FIG. 3 (a) is a photograph of reactive oxygen species (ROS) staining by dichlorofluorescein (H2DCFDA) staining, and (b) is a graph showing quantitative fluorescence intensity measured by Image J. In the photograph of FIG. 3 (a), the treated cells were stained with H2DCFDA dye for 30 minutes, washed with PBS, and fluorescence images were acquired with a confocal microscope (scale: 500 μm). The present inventors further investigated the effect of P88-CFS on the intracellular accumulation of reactive oxygen species (ROS). Of note, ROS play an important role in the pathogenesis of COVID-19, where excessive accumulation of ROS can exacerbate disease severity. As shown in FIG. 3, it was observed that the ROS level increased about 2.4-fold when the cells were infected with SARS-COV-2. However, when infected cells were incubated with 50, 100 and 150 mg/mL P88-CFS, ROS levels were significantly reduced by about 1.7-fold, 1.2-fold and 0.9-fold, respectively.

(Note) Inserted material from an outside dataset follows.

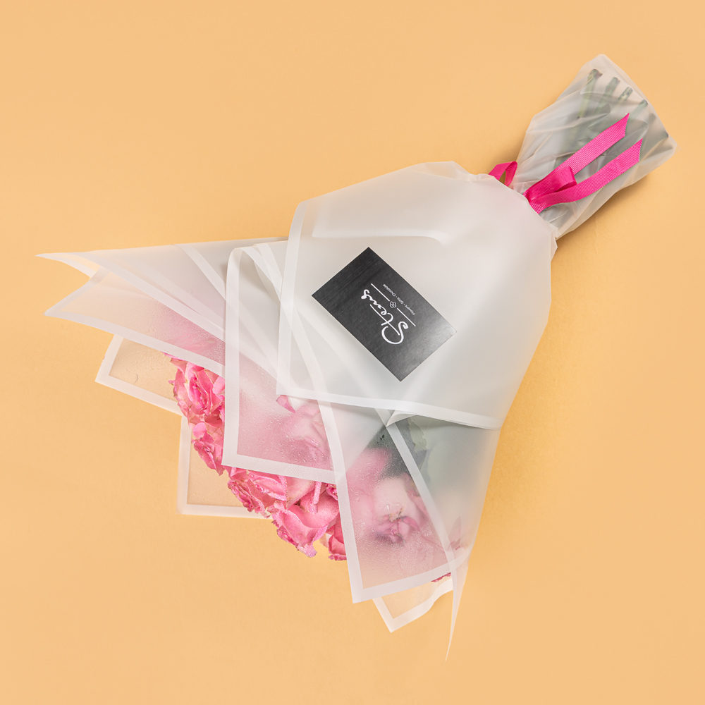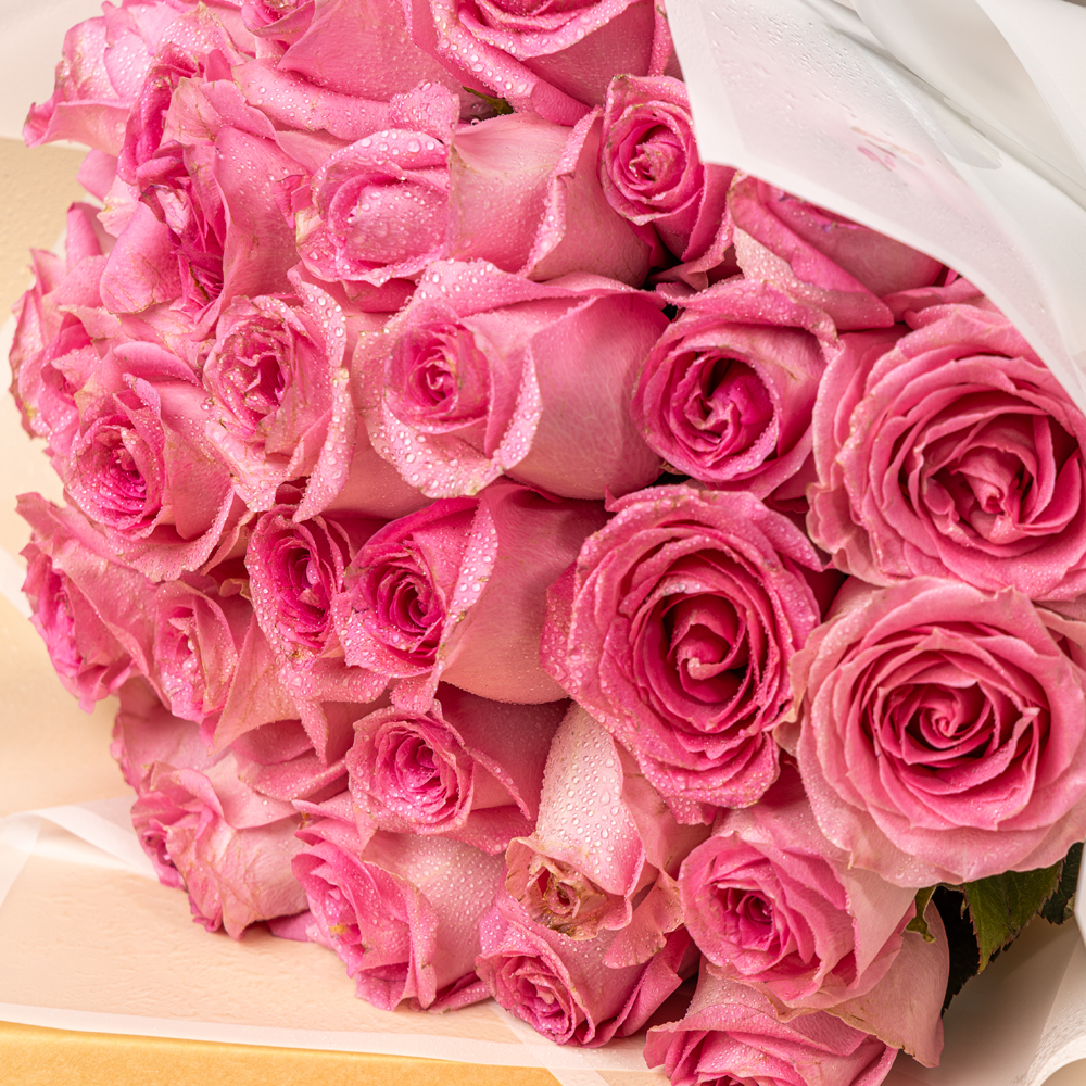 باقة يد مليئة بـ 25 جوري وردية مغلفة بغطاء أبيض.

4 is an immunofluorescence confocal micrograph showing the effect of P88-CFS on p-ERK protein in HEK293 cells after infection with SARS-CoV-2. Here, the immunofluorescence experiment is performed for DMSO (0.1%), viral titer, viral titer + 50 mg / ml, viral titer + 100 mg / ml, and viral titer + 150 mg / ml, respectively, images of pERK, DAPI and Merge. expressed. Specifically, p-ERK expression in HEK293 cells infected with SARS-CoV-2 was treated with 50, 100 and 150 mg/ml of P88-CFS. DMSO (0.1%) was used as a solvent for P88-CFS in all treatment groups. Cells were fixed for 12 hours after infection and confocal images were collected. Cell nuclei are shown in blue, and p-ERK are shown in green (scale bar: 5 μm). The MAPK/ERK pathway is an important pathway used by many viruses during pathogenesis. Phosphorylated ERK (p-ERK) is often associated with the presence of viral infection. As shown in Figure 4, expression of p-ERK was widely observed in both the cell nucleus and cytoplasm in virus-infected HEK293 cells without any treatment, whereas in mock cells treated with 0.1% DMSO Almost not detected. Although 50 mg/ml P88-CFS did not block p-ERK expression, treatment with 100 and 150 mg/ml P88-CFS drastically reduced ERK phosphorylation in SARS-CoV-2 infected cells.

Figure 5 is a graph showing gene expression of inflammatory markers in HEK 293 cells after infection with and without P88-CFS treatment according to the present invention, (a) IFN-α, (b) IFN-β, and (c) IL- Expression of 6 was measured by qPCR and normalized to GAPDH. All experiments were repeated three times and statistical analysis was performed by t-test. Data are expressed as mean±SD of three independent experiments (*P<0.05 compared to virus-infected cells; #P<0.05 compared to control). Finally, to evaluate the correlation between viral infection and inflammation, IFN-α, IFN-β and IL-6 were used in this study as one of the proinflammatory cytokines. As shown in Figure 5, the mRNA expression of IFN-α, IFN-β and IL-6 in the SARS-CoV-2 infected cells was significantly increased compared to the control group. In cells co-infected with SARS-CoV-2 and treated with 10 mg/ml of P88-CFS, mRNA expression levels of these pro-inflammatory cytokines were significantly reduced. Compared to infected cells (Infected), P88-CFS treated cells (Infected +) showed significant reductions of IFN-α, IFN-β and IL-6 by 2.2-fold, 1.5-fold and 1.7-fold, respectively. These findings suggest that the P88-CFS extract according to the present invention not only has antiviral activity but also regulates the inflammatory response caused by viral penetration into cells.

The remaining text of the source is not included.